67 Iowa 591 | Iowa | 1885
The appellee insists that the bill of sale, although absolute on its face, is in fact a mortgage, and that it was given for a temporary purpose which has been subserved, and that these matters can be established by parol. Conceding this may be done, it was not pleaded that the bill of sale was a mortgage. That a writing should be read and construed in the light of the surrounding circumstances is undoubtedly true; (Singer Sewing Machine Co. v. Holcomb, 40 Iowa, 33;) but no words having a different meaning from those used can be added thereto. Tinder the pleadings, the instrument in question must be regarded as a bill of sale. The reply recognizes it to be such, and no words can be interpolated therein which have the effect to change or alter the meaning of the words there used.
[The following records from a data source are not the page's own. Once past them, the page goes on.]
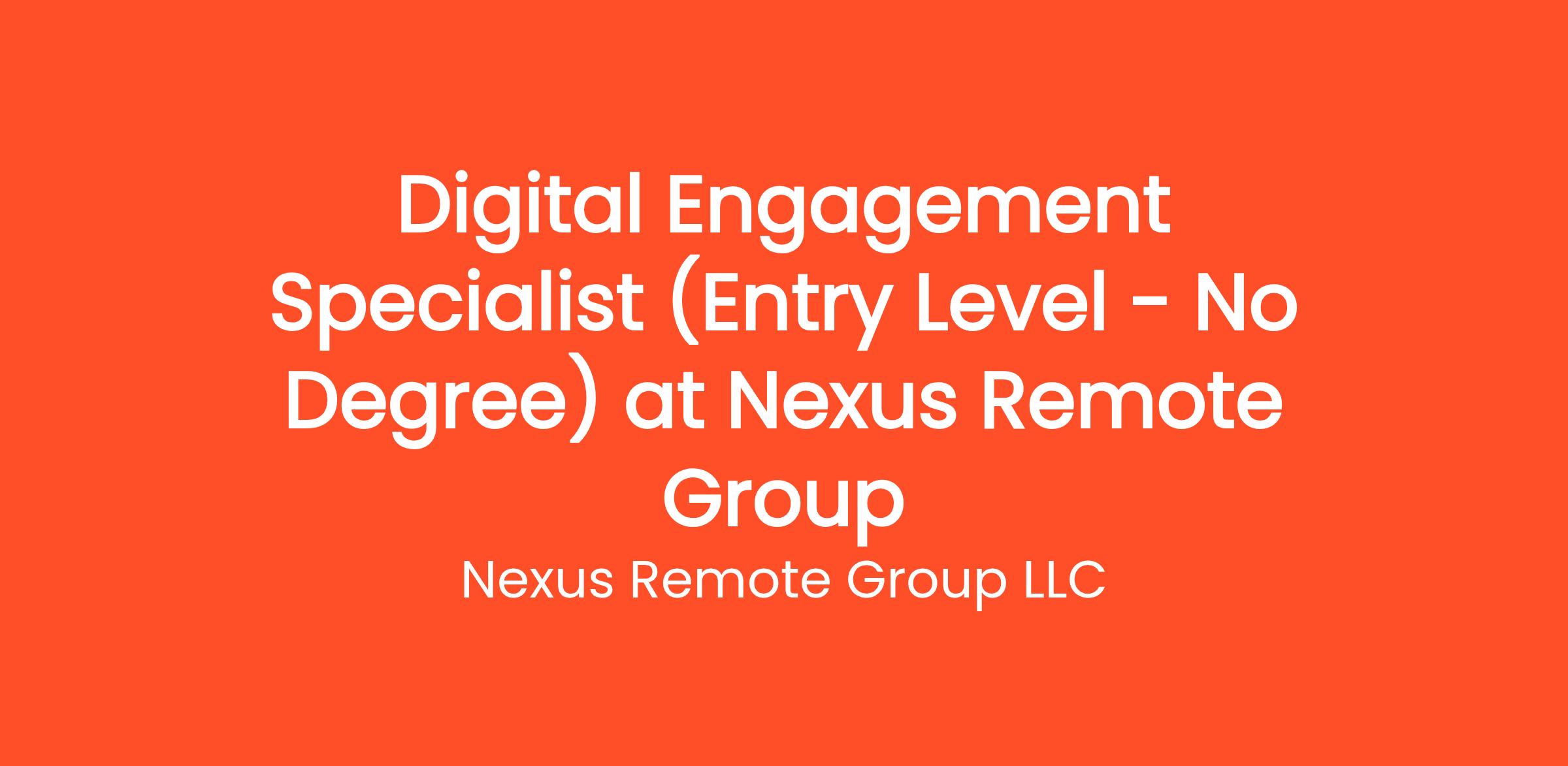 Are you highly organized and looking for the perfect entry-level opportunity? Nexus Remote Group LLC is currently seeking a Digital Engagement Specialist (Entry Level - No Degree) to join our rapidly growing remote team. If you've been searching for remote jobs no degree or overnight remote jobs, this is the exact role you've been looking for. No degree required and no prior experience is necessary—we provide comprehensive training to all new hires! You will be responsible for critical daily operations, managing secure platforms, and contributing to our vibrant digital culture.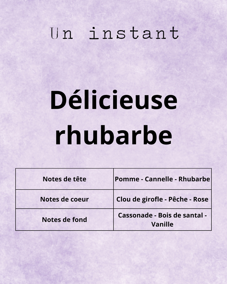 Délicieuse Rhubarbe évoque le parfum réconfortant d'un dessert qui mijote doucement. Dès les premières notes, la rhubarbe se mêle à la pomme cuite et à la cannelle pour une ouverture fruitée et légèrement épicée. En cœur, la pêche et la rose apportent rondeur et douceur, rehaussées d'une pointe de girofle. Le fond dévoile un accord chaleureux de cassonade, de bois de santal et de vanille, pour une ambiance aussi douce qu'un goûter d'automne.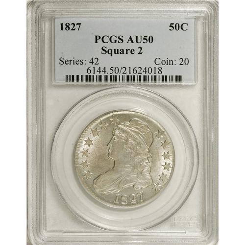1827 50C Square Base 2 AU50 PCGS. O-139, R-4. PCGS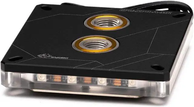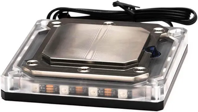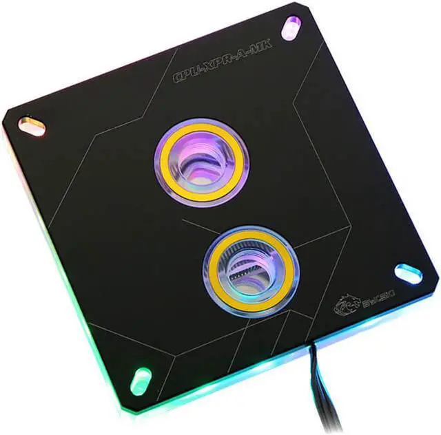 The Bykski CPU-XPR-A-MK CPU Water Cooling Block features an aluminum top plate that covers the precision machined PMMA top. The PMMA on the sides and around the ports allow the colors to flow through when the included RBW lights are engaged.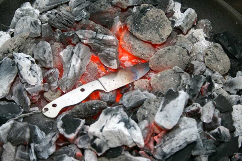 Процедура закаливания – обязательный этап при изготовлении изделия. Приступать к нему следует после того, как клинку задали нужную форму в процессе отжига. Эта манипуляция призвана снизить твердость детали для того, чтобы можно было следовать наброску будущего лезвия. Однако нож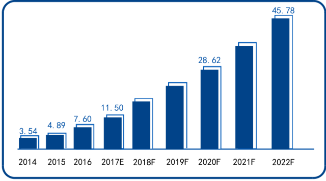 國(guó)內(nèi)碳納米管導(dǎo)電劑市場(chǎng),隨著動(dòng)力電池產(chǎn)業(yè)的快速增長(zhǎng),預(yù)計(jì)到2022年將達(dá)到45億元的國(guó)內(nèi)市場(chǎng)。隨著鋰電池高鎳正極、硅基負(fù)極和固態(tài)電池等新技術(shù)應(yīng)用規(guī)模擴(kuò)大,碳納米管的應(yīng)用會(huì)爆發(fā)式增長(zhǎng),單是在鋰電池領(lǐng)域就會(huì)成為每年百億級(jí)的市場(chǎng)。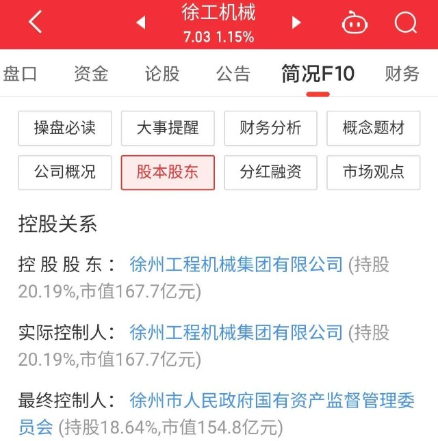 控股股东是徐州工程机械集团有限公司,最终控制人是徐州市国资委。

These cases are distinguishable, because the instructions contemplate a case where an obligation to pay never existed until the promise was made. We do not believe a case can be found where a moral obligation alone has been held to be a sufficient consideration for a subsequent promise. To our minds, however, it is difficult to find a moral obligation to pay anything, in the case contemplated in the instructions, prior to the promise. The following cases support the view above expressed: Cook v. Bradley, 7 Conn., 57; Williams v. Hathaway, 19 Pick., 387; Dawson v. Dawson, 12 Iowa, 512; McCarty v. Hampton Building Ass’n, 61 Id., 287.
It is insisted that the court erred in other respects, but some of the objections are not well taken; others are not of a vital character. We deem it unnecessary to take the time to more particularly refer to them.
Reversed.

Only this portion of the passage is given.